"I'm just going to write because I can't help it."- Charlotte Brontë


Sunday, July 22, 2012

Yulefright

Restaurants all over Australia, especially in solidly built regional hotels with big fireplaces and frosty mountains beyond their french windows, are busy this weekend with Christmas in July, a through and through foodie celebration devoid of any religious connotations whatsoever. It's all about stuffing oneself with those hot, rich, filling meals traditionally eaten with gusto on Xmas Day in the Northern Hemisphere but which practically make you gag when forced down in the heat of a December down under. It's a practical response to the ludicrousness of transferring traditions developed for a winter festival to the exact opposite season.

Anyway, I'll seize this topic-related opportunity to mention a film I've been meaning to recommend for a while, well, since Christmas 2011 to be precise - the 2010 Finnish movie Rare Exports: A Christmas Tale. It's the funniest, darkest, goriest, most bad taste and frightening yuletide tale I've ever seen that also manages to maintain a core of childhood innocence and seasonal sweetness. A movie like Bad Santa touches a few of those bases, but, let's face it, the scope of most Xmas movies is small and suburban. This film exists elsewhere. Its brooding atmosphere is heightened by featuring a geographically isolated people embedded in a stunning but pitiless environment that kills careless folk, and a society shaped by a palpable continuation of their pagan past well into the present. Their Christmas myths are most definitely not our jolly Xmasy traditions. Simply not getting gifts didn't cut it as fitting punishment for naughty children according to the tough, barbaric peoples of yore, and the ur-customs developed to keep young folk in line make you laugh as much in disbelief as in horror at the outrageous cruelty.

Also, you have to love a movie that casually features countless filthy and very sinister, naked old men with such abandon.
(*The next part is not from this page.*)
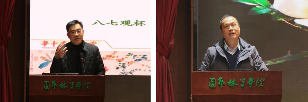 在热烈的掌声中,吴全斌会长和周继荣副经理分别致辞。吴会长带领大家回顾了“凭谁花解语”竞赛的历史,他感慨于同学们的出色表现,并对同学们表示了殷切的关心和对未来的期待。周经理真诚地赞誉了同学的积极参与、公司的鼎力支持、老师的辛勤准备,不仅期望同学们能坚持传承中华花文化,更希望大家通过参加此类活动,将传统文化和科学研究结合,进一步提升自我的科学素养与沟通能力。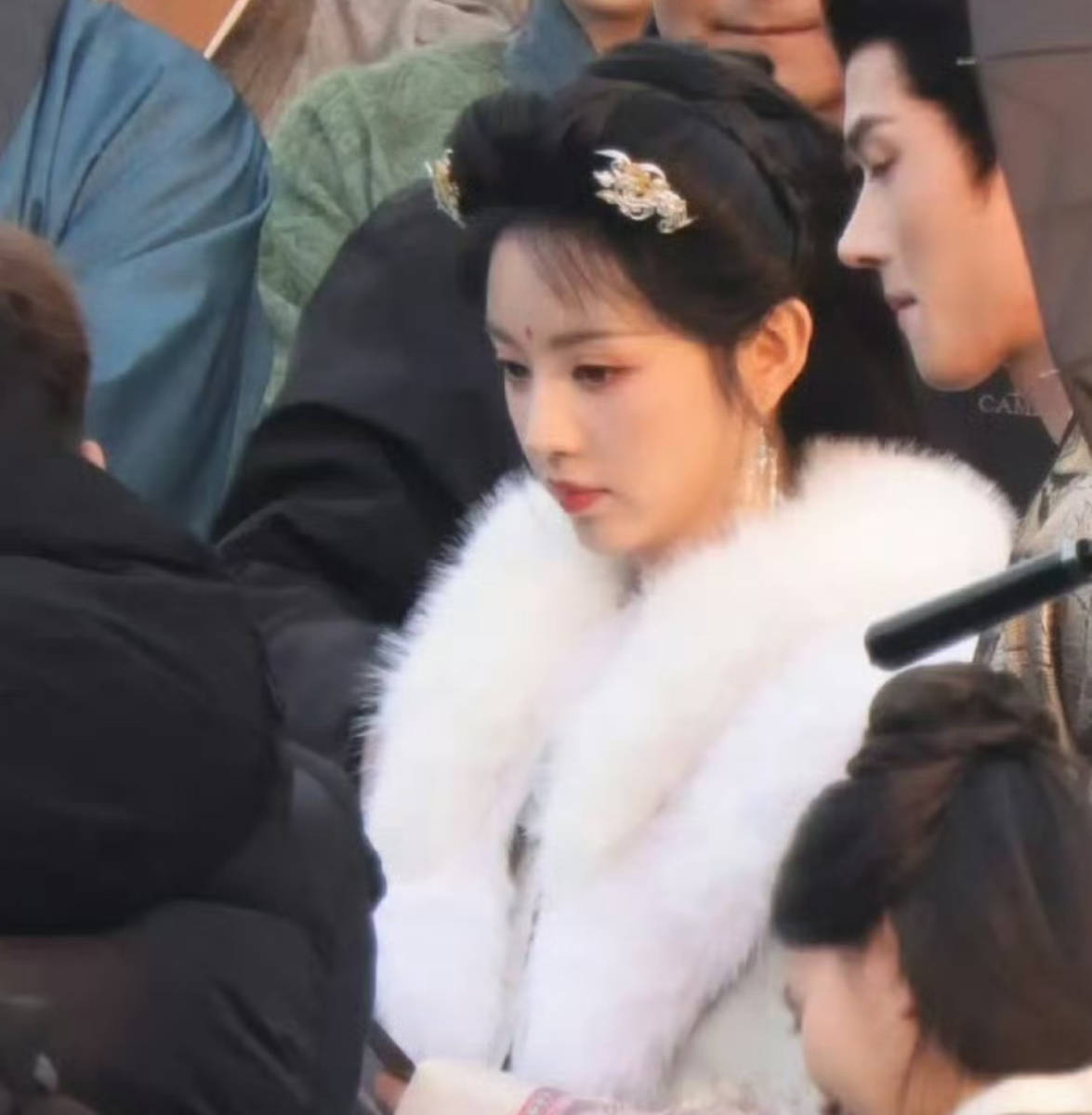 造型的成功不仅在于服饰的精妙搭配,更在于与田曦薇自身气质的高度契合。她的五官精致灵动,空气刘海轻轻垂落,为造型增添了几分娇俏,而眉眼间的澄澈眸光则赋予了造型清冷感,甜与冷的反差让人物形象更具张力。在片场户外实景的映衬下,阳光洒在毛领与衣摆上,为整体造型镀上一层柔光,既保留了片场实拍的鲜活氛围,又让清冷温婉的气质更显突出,仿佛从古典画卷中走出的仕女,兼具灵动与雅致。

As with most Nordic horror films, there's much blood and guts nicely framed so as to contrast with the snow. There are chainsaws, there are guns everywhere, there are borderline psychotic but lovable local characters, and there is much seriously questionable behaviour as well as a moving father-son relationship. What more could you want from a Christmas movie?

Now I'd better get a move on. I have to gussy up (put on something other than trackie dacks) and meet up with a few people, not for a Yulefest (at least, I hope not... ), but for a normal Sunday arvo lunch.